It was further submitted, that Justice Hettige’s conduct was reported to the CJ Shirani Bandaranayake by the Petitioner by way of an affidavit dated 04th July 2012 and as a result CJ intervened and Hettige J was compelled to reverse his order allowing the petitioner to support the matter on 05th July 2012.

The Additional Solicitor General, Shavendra Fernando then took a preliminary objection to the hearing, on the basis that the original Petition, filed by the Petitioner dated 24th September 2010, does allege that the Supreme Court was responsible for the right violation, which is not an executive action and hence that the application dated 24th September 2010 should be dismissed and the Petitioner should not be allowed to support any amended application thereafter filed in Court.

In response to these submissions the Counsel for the Petitioner, Nagananda Kodituwakku submitted to the Court that the Petitioner does not rely on the Petition dated 24th September 2010, which was amended with the permission of the Court (comprised of Marsoof J, Imam J and Suresh Chandra J), on 05th December 2011, after the Counsel Nagananda Kodituwakku was retained by the Petitioner, in place of Upul Jayasooriya.

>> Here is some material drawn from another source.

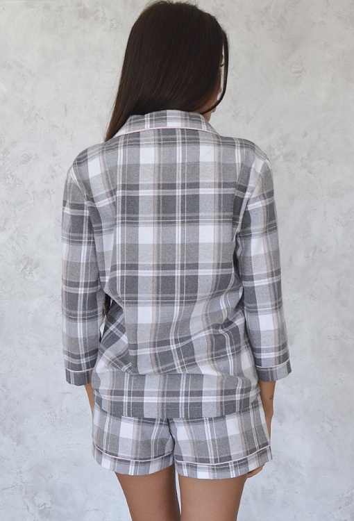 Класична жіноча піжама із колекції Graycell від українського бренду Roksana. Піжама виконана з м'якої та якісної сумішевої бавовни з начосом, сірого кольору в картатий принт, складається з сорочки та шортів. Сорочка вільного крою з рукавами 3/4 і відкладним коміром, застібається на ґудзики, на грудях маленька накладна кишенька. Комір, полиці, рукави та кишеня прикрашені тонким кантом рожевого кольору. Шорти з м'якою гумкою у поясі, внизу оброблені рожевим кантом. Піжама дуже красива і комфортна, ідеальна для сну та домашнього відпочинку, а також може бути корисним подарунком коханій та близькій людині.

The Petitioner had reported Counsel Upul Jayasooriya to the CJ by way of an affidavit (22nd November 2011) for his professional misconduct of withdrawing the affidavit filed by the Director General of Customs (seeking the disenrollment of Mohan Pieris for his professional misconduct) and also citing Mohan Pieris only in his official capacity and thereafter abandoning the Petitioner. It was further submitted by the Counsel Nagananda Kodituwakku that the bench chaired by Marsoof J, on 05th December 2011 had allowed the Petitioner to amend the application with ‘specific permission’ to include amendments the Petitioner wished to make, ‘reflecting the allege misconduct and dishonesty of Mohan Peiris’ as reported by the Director General of Customs. And accordingly the Petition dated 23rd December 2011 was filed in Court and the Petitioner only relied on that Petition.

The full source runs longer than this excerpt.